# Coverting .pdf pics to .jpg



## Chris_L_Hanssen (Oct 15, 2004)

Does anyone know an FREE AND I MEAN FREE non paid program (not JASC Paint Shop Pro or Photoshop) that coverts pictures in .pdf files to .jpg?

Please help me? Thanks.


----------



## V0lt (Sep 14, 2002)

Hi Chris,

If you're in a pinch and need something right now for a small number of images, you could just go the alt+printscreen route and then just paste the clipboard into paint, crop and save.

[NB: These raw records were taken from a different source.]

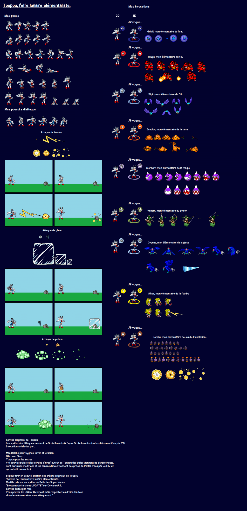 Je vais essayer, pour Tuuga je mettrais des flammes sur ses poignets.AlexiSonic a écrit :Peut-être en ajoutant des effets permanents autour d'eux, comme par exemple de petits éclairs autour de Silver ou du feu sur le dos, la tête ou les yeux de Tuuga.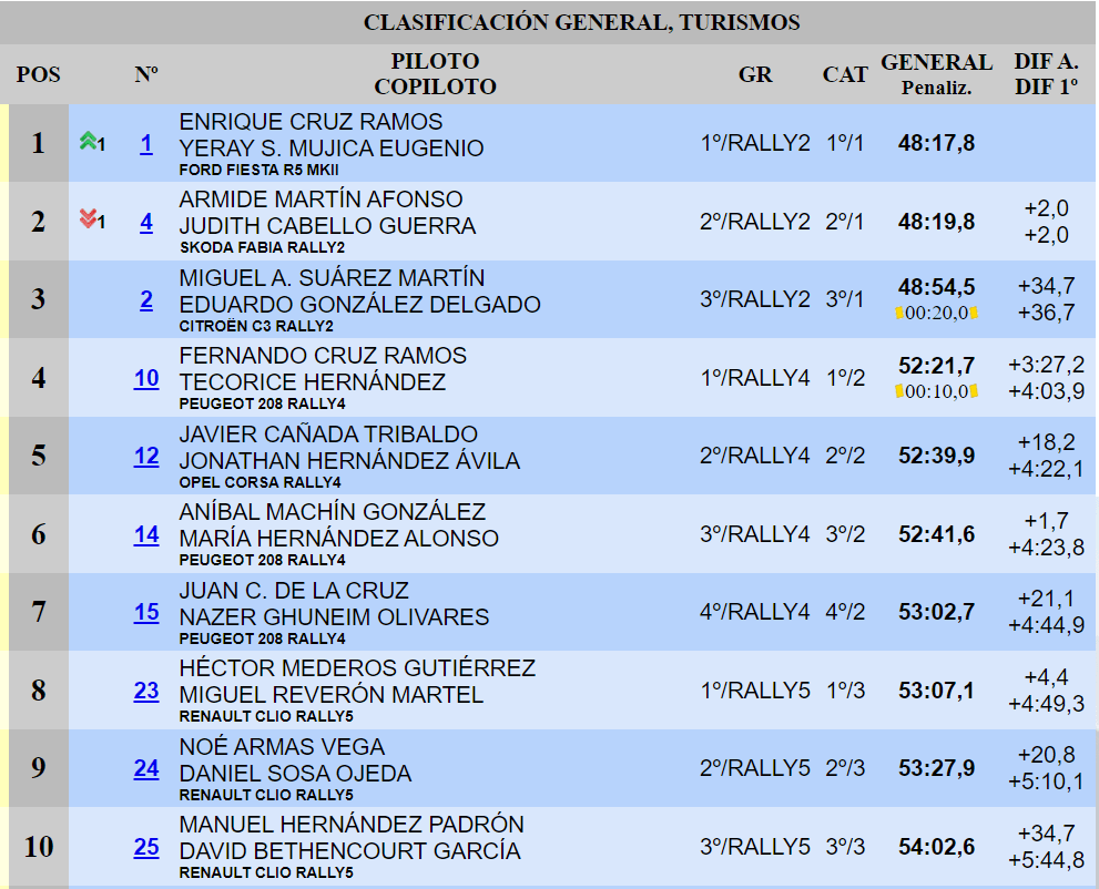 Fernando Cruz y Tecorice Hernández ruedan en P4 con el Peugeot 208 Rally4. Los tinerfeños endosan cerca de veinte segundos a sus perseguidores más próximos, en la clasificación absoluta y dentro de la Rally&You BP Ultimate Plus Car Cup. Javier Cañada y Jonathan Hernández, quintos, no encuentran una explicación a la caída de rendimiento de su Opel Corsa Rally4, una reducción de prestaciones que sitúa a Aníbal Machín y María Hernández, con otra unidad Peugeot 208 Rally4, a un suspiro de darles caza.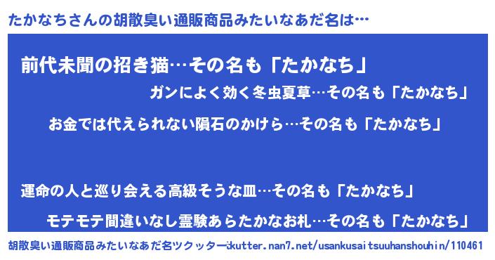 | ヘコむあだ名 | 『たかなち(苦笑)』『たかにー』 |
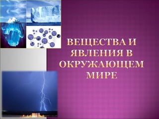 Документ описывает три агрегатные состояния веществ: жидкое, твёрдое и газообразное, а также молекулярную структуру веществ. Он выделяет физические и химические явления, акцентируя внимание на разнице между изменением состояния вещества и химической реакцией, которая приводит к образованию новых веществ. Примеры физических и химических явлений также приводятся для иллюстрации различных процессов.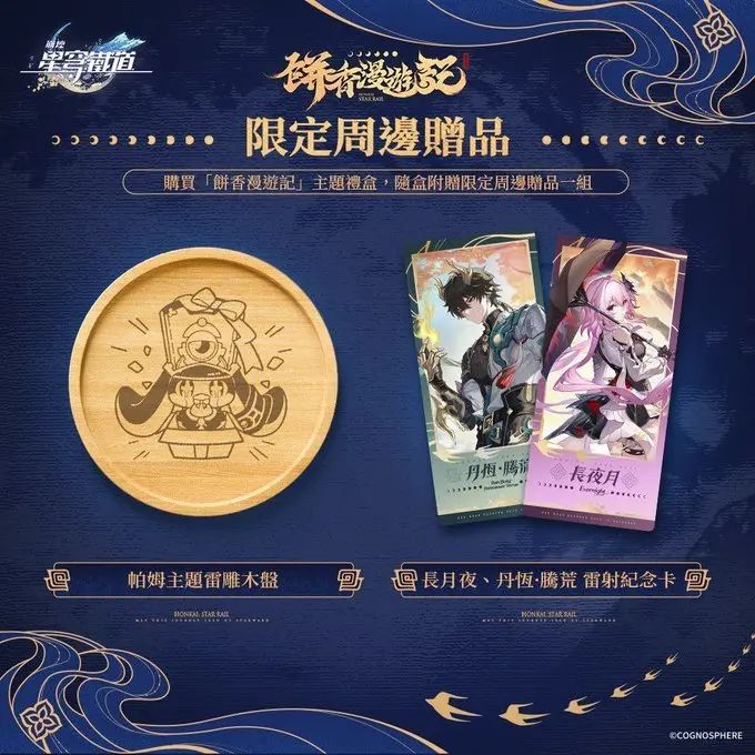 礼盒内含4款精心制作的《星穹铁道》主题糕点,口味别致且呼应角色主题,「长夜月」为松子莲蓉与奶黄流心,「丹恒·腾荒」则搭配古早卤肉和蜂蜜柑橘风味,巧妙融合传统与创意,香气浓郁、口感丰富。随盒附赠精致可爱的【帕姆主题雷雕木盘】一枚,以及两张闪耀的【长夜月 & 丹恒·腾荒镭射纪念卡】。外盒采用专属设计图案,每购一盒更赠送一款主题手提袋,就是可惜大陆地区暂时不售卖这个联名月饼礼盒![[TapTap表情|TapFamilyxdoro2_粉狗叹气]](https://img-tc.tapimg.com/market/images/4084524c71328966328d81308cdce6ac.gif)

If you need something a little more 'heavy duty', I would check out The GIMP, which rivals Adobe Photoshop in both price and functionality.


----------



## Inactive (Apr 11, 2005)

irfanview is free and can open PDFs once you have the AFPL ghostscript installed. the AFPL defaults 96 DPI to open with, but you can up this by clicking on the Options>Properties>Plugins Tab. click the Postscript Options button and there you can specify the DPI.


----------



## guiblum (May 26, 2006)

Download and install Foxit Reader (very small footprint) which is a PDF reader superior to Adobe Reader.
Open your e-book in Foxit, and from the option bar select the "camera" icon.
With that draw a selection round the image you want to save.
That image thus selected will be copied automatically to the clipboard.
Open up MS Paint, Ctrl+V to paste that image, save as jpg.


----------



## guiblum (May 26, 2006)

Meant to say, Foxit Reader is free free free


----------



## Chris_L_Hanssen (Oct 15, 2004)

Well thanks for the help.


----------